Unless there are substantial licensee strengths or efficiencies to be gained, make the licensee prove itself with an initial use or application before committing to a broader structure.
Methods of Sale. Depending upon the nature of your product, technology or brand, there may be numerous methods of sale by which a prospective licensee may sell. Wholesale, retail, television or other media, e-commerce and on-site are some of the means which may be available to a licensee. Only grant rights to those methods for which the licensee is best suited and expressly carve out all other methods.
Multiple Products, Technology and Brands. If your company has multiple products, technology or brands, consider granting a licensee rights to only one or a limited number of them until such time as the licensee has demonstrated a proven ability to achieve results. Make sure you understand the licensee’s end-user base or targets.
There may be products, technologies or brands for which the licensee’s buyers are not suited. These should be reserved for better channels of distribution.
Term.

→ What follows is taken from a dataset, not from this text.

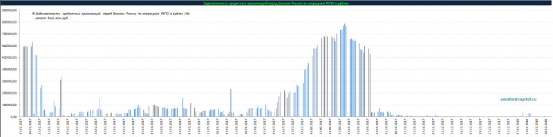 Задолженность кредитных организаций перед Банком России по Операциям РЕПО, находится на минимуме текущего года.
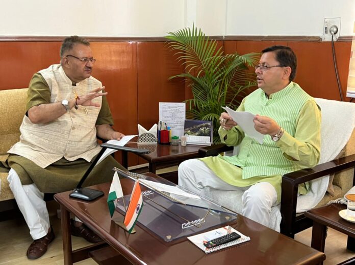 देहरादून, 24 अगस्त। कैबिनेट मंत्री गणेश जोशी ने आज मुख्यमंत्री पुष्कर सिंह धामी से मुलाकत की। इस दौरान कैबिनेट मंत्री गणेश जोशी ने मुख्यमंत्री पुष्कर सिंह धामी से विधानसभा क्षेत्र मसूरी के अन्तर्गत विकासखण्ड रायपुर के ग्राम पंचायत तिमलीमान सिंह सरखेत एवं छमरौली में तथा जनपद टिहरी के विकासखण्ड जौनपुर के अन्तर्गत ग्राम ग्वालीडाण्डा, तोलियाकाटल, सोन्दना, चिफल्टी एवं सीतापुर में दिनांक 20 अगस्त को आयी भीषण दैवीय आपदा के संबंध में मुख्यमंत्री से आपदा प्रभावितों की समस्याओं को रखा। और मंत्री जोशी ने आपदा में हुए नुकसान के बारे में विस्तार से मुख्यमंत्री को जानकारी दी। मंत्री जोशी ने मुख्यमंत्री से अनुरोध करते हुए कहा कि बादल फटने से आये सैलाब से काफी लोग प्रभावित हुये हैं जिसमें काफी जनहानि तो हुई है और कई लोग बेघर भी हो गये हैं। उन्होंने प्रभावित लोगों को विस्थापित किये जाने का मुख्यमंत्री से अनुरोध किया।

Setting an initial term that allows the licensee reasonable time to achieve short-term sales and revenue goals, but no longer, will provide your company with the cleanest means of terminating a license arrangement that is not working. There is always the desire on the licensor’s part to “lock in” the licensee on favorable terms.
However, strong results during a shorter initial term will likely make the licensee just as eager to renew the relationship as your company, keeping the negotiating playing field level. Absent those results, your company will have the ability to engage a new licensee or take that particular channel back in-house.
Performance Benchmarks. If the licensee desires an arrangement of any length, the incorporation of performance benchmarks is often the best way of maximizing flexibility for your company’s distribution scheme.
While short-term benchmarks (one year or less) can set forth reasonable estimates, do not be afraid to set aggressive long-tem standards. Such higher goals will give you an out, not only in a failed license arrangement, but also to pursue more lucrative arrangements with bigger and better partners as your company grows and potentially outgrows its initial licensees.
Consider whether termination of the license or devolution to a non-exclusive arrangement (in either instance, in whole or in part) should be the penalty for failure to achieve the benchmarks.
The best license arrangement with a particular licensee will ultimately depend upon the manner in which all of the above factors interrelate. However, careful consideration of each factor in the context of your company’s existing structure and future goals will help you create the flexibility to adapt and grow the distribution scheme as your company changes and grows.